Saturday, 19 September 2015

Maggie Ross — The Gasteropod [1968]

Triumphant bagger of my alma mater’s fiction award, Edinburgh University’s James Tait Black Memorial Prize in 1968, this sombre work concerns a deranged collector of shells whose unusual relationship with his menopause-bound wife Dorothea is revealed in slow, foreboding chapters throughout the course of the novel. The humourless flat first-person narrator and his exacting and meticulous descriptions of room interiors, his strained and bizarre relationships with his wife, her lover, and the other peculiar weirdoes that haunt their house in St. John’s Wood comprise the ‘story’, and the stylistic blandness on show is perfect at creating the mood of snail-like stasis required to prop the plot.
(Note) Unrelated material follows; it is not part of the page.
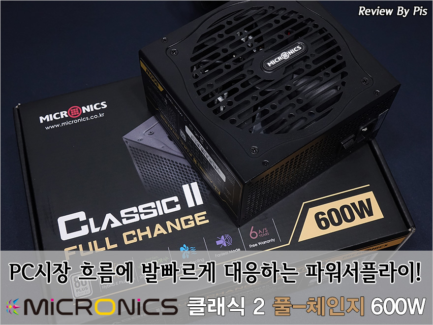 예전에는 조립PC를 구상할 때 대중적으로 파워용량을 500W로 많이 선택했습니다. 하지만, 최근에는 600W이상으로 선택하는 경우가 많아졌죠. 이는 PC시장에 몇 가지 변화가 있기때문인데, 가장 큰 변화는 대중적으로 선택하는 메인스트림급의 CPU와 그래픽카드 제품들의 성능이 높아졌고, 메인보드시장도 보조전원이 2개로 늘어난 제품들이 많아졌기 때문입니다. 특히, 메인보드 같은경우 방금 언급했듯이 보조전원 ATX 지원이 8핀과 4핀으로 지원되는경우가 많아졌기 때문에, 이를 지원하는 케이블구성으로 최소 600W 파워서플라이 제품은 선택을 해야하는 상황이죠. 여기서 최소 600W를 선택해야한다라는 것은 최신 제품을 의미하기도 합니다. 출시된지 2년이상 된 600W 제품들에선 보조전원 ATX 8핀과 4핀이 없는 경우도 많으니깐요. 국내 파워서플라이 1위 브랜드라 할 수 있는 마이크로닉스에선 이런 시장 변화에 맞춰 가장 최신 600W 파워서플라이 제품을 선보였는데, 바로, 클래식2 풀-체인지 모델입니다. 그럼, 마이크로닉스의 클래식2 풀-체인지 600W 파워서플라이를 한 번 살펴보도록 하죠.

The narrator, having married rich woman Dorothea, loses interest in his somewhat agoraphobic (she is never diagnosed thus) bride, leading her to take fashion designer Max into her house as a lover to make her tasteless dresses out of resentment while her husband tinkers with his shells. As Max plans to remove Dorothea from the airless mausoleum of their home, the narrator produces a series of unflattering photographs, showcasing Dorothea’s physical decline: a matter of sick-minded fascination to him. For sheer creepiness, this narrator is on a par with Misard in Zola’s La Bête Humaine, a rail worker who takes pleasure in the slow poisoning of his wife (although his motives are financial), however, this narrator has more aesthetic motives in mind (cash-flow not being an issue), and taunts Max with revealing shots of his aging bride. A slow-building and effective chiller that ruminates on the process of aging and the perils of shacking up with little creeps who collect shells and have no emotions. The author released her first novel in thirty years recently, The Villa Rouge, about Battle of Britain pilots and their marriages (more Sunday evening drama than adventurous avant-garde effort [Ross was featured in Giles Gordon’s Beyond the Words: Eleven Writers in Search of a New Fiction anthology alongside B.S. Johnson, Gabriel Josipovici and Ann Quin among others in 1975]). Seek this dark and sinister little wonder instead.

Editions:
1968, Hardback, Barrie & Rockliff: The Cresset Press.
1969, Hardback, Viking.
1970, Paperback, Penguin.

Bibliography:

Novels:
The Gasteropod, 1968, Barrie & Rockliff: The Cresset Press.
Milena, 1983, Harper Collins.
The Villa Rouge, 2015, MacLehose Press.